Pete followed Angelica’s directions so exactly that Cochran thought they were all going to be killed. From the fast far left-hand lane of the northbound 280, while a scatter of anonymous headlight-pairs bobbed behind them at hard-to-judge distances, Pete cut the wheel sharply to the right, and the truck veered across the shiny black lanes like a banking surfboard, booming over the lane-divider dots in brief staccato bursts, finally half-missing the exit and throwing Cochran onto Plumtree again as the two left wheels slewed on the shoulder.

Then he had straightened the wheel, braked down to about twenty miles per hour without quite making the tires squeal, and pulled sedately into a Chevron gas station, steering the truck around to the back by the rest rooms and pay phones. The headlights were still switched off.

He pushed the gearshift lever over into neutral.
“No


he began, but his voice was squeaky; “nobody’s followed us here,” he said in a deeper tone.

“Guess not,” said Angelica faintly. Then she stirred herself and pushed open the door. “Let’s call …”

She froze with one leg extended out into the rain, and Cochran followed the direction of her gaze to the cone of light around the pay telephone.

At first glance he thought the light was full of moths; then he saw that the fluttering streaks of light were rain-gleams on transparent figures: the streak of a contorted jawline here, the squiggle of a flexed limb there, invisible wet lips working in imbecilic grimaces.

“Something’s got all the ghosts worked up this evening,” Angelica said. “They’re drawn by the magnets in the phone, or they each want to call somebody and haven’t got any quarters.” She gave Pete a stricken look over her shoulder. “I’m not masked enough for this. Breathing,
talking on the phone,
in that stew? My voice—and Arky might say my name! I couldn’t hide my—my psychic locators, my name, my birthday—from all of them. At least a couple of them would be into my head like piranhas in five seconds.”

“ ‘These same thoughts people this little world,’ ” said Mrs. Winchester confidently out of Plumtree’s mouth; to which Cody added, “All us kids on the bus got bogus birth-dates and somebody else’s picture on our IDs,” and the flat voice of Valorie said, “I shall play it in a mask, and you may speak as small as you will.”

“Oh, thank you—!” said Angelica to Plumtree, clearly at a loss as to what name to use. “Give her a quarter, Pete,” she added as Cochran opened the truck’s back door and stepped down into the rain. “Speak this: tell Kootie and Arky to get out of there,” she told Plumtree urgently. “Tell ’em don’t take the Granada, we were driving that when I shot at the bikers out at the yacht club, they might remember it. Tell ’em to take the old Torino out back.”

“And bad guys might be out in front of the house, nervous about our guns and waiting for reinforcements,” added Pete. “Tell Arky to drive right out
through
the greenhouse, like Cochran said this morning—there’s apparently a mud road that leads down the backyard slope right to the 280.”

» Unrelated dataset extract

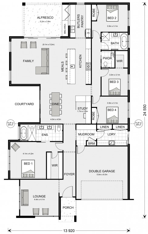 Extra features compliment the design with the inclusion of a study or mudroom making the Millbrook an ideal place for any family to call home.

Cochran could see that Plumtree had to do this, but after she had stepped wearily down out of the truck he grabbed her unbandaged hand and said, “Would it help to have another person beside you? I can concentrate on
you,
and not pay attention to the ghosts.”

The tired lines in her face lifted in a wan smile. “I’d like that, Sid. Yeah, you’ll be safe enough if you just don’t speak a word, and look nowhere but at me.”

“That’s my plan.” He was nervously pleased to be speaking coherently, after having drunk the
pagadebiti;
and he was reminded of a time an unidentified snake had bitten him on a hike, and how he had monitored himself for the rest of the day, watching for slurred speech or numbness or any other symptoms of poisoning.